Copy out exactly the stretch below, from the line with "The inflatable restraint" through the line with "This page presents", both included; the pictures stay out.

◆ **DATA FOR THIS EXERCISE**
##############################

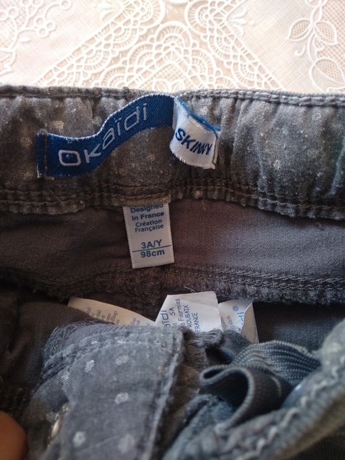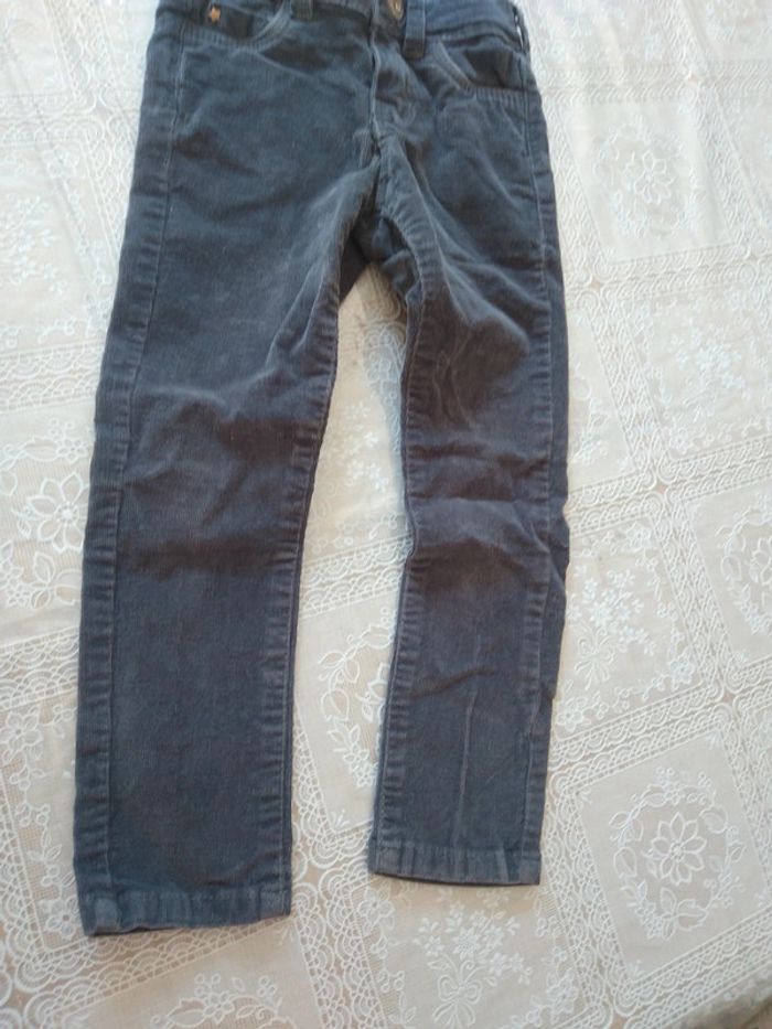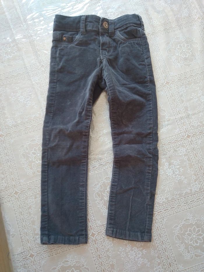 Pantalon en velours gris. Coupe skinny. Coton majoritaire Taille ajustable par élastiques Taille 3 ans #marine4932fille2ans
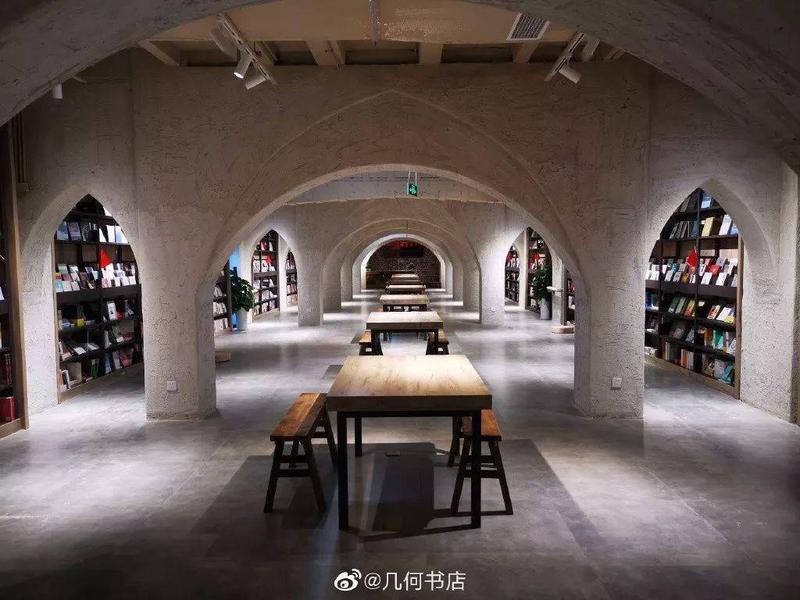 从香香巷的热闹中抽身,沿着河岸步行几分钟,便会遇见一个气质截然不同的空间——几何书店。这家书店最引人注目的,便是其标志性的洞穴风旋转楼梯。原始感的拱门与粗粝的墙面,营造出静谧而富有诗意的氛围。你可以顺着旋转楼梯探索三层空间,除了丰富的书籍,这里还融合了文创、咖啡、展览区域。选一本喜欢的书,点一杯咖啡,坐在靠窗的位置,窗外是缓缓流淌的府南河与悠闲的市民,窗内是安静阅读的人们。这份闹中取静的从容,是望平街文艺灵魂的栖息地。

##############################

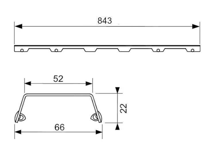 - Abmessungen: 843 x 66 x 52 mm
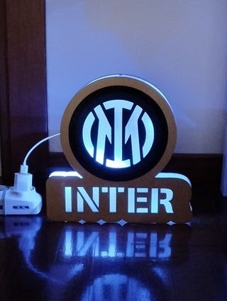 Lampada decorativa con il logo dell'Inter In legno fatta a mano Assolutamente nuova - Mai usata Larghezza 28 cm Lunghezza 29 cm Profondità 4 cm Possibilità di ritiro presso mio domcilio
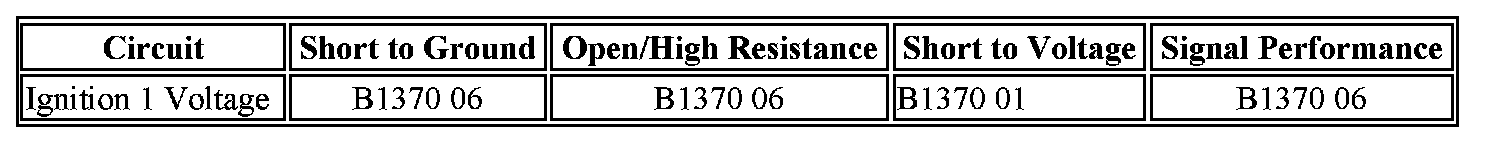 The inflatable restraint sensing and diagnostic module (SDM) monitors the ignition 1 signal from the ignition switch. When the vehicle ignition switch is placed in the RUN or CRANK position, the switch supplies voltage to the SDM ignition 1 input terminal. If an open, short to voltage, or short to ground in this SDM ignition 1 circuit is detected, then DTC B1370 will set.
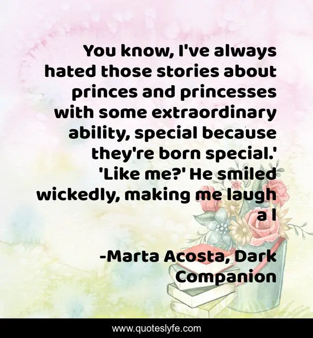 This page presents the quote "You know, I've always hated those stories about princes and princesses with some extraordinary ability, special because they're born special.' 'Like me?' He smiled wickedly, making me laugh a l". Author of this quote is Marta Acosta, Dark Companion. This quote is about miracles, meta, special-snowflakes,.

##############################

◆ **OUTPUT OF THE TASK**
 The inflatable restraint sensing and diagnostic module (SDM) monitors the ignition 1 signal from the ignition switch. When the vehicle ignition switch is placed in the RUN or CRANK position, the switch supplies voltage to the SDM ignition 1 input terminal. If an open, short to voltage, or short to ground in this SDM ignition 1 circuit is detected, then DTC B1370 will set.
 This page presents the quote "You know, I've always hated those stories about princes and princesses with some extraordinary ability, special because they're born special.' 'Like me?' He smiled wickedly, making me laugh a l". Author of this quote is Marta Acosta, Dark Companion. This quote is about miracles, meta, special-snowflakes,.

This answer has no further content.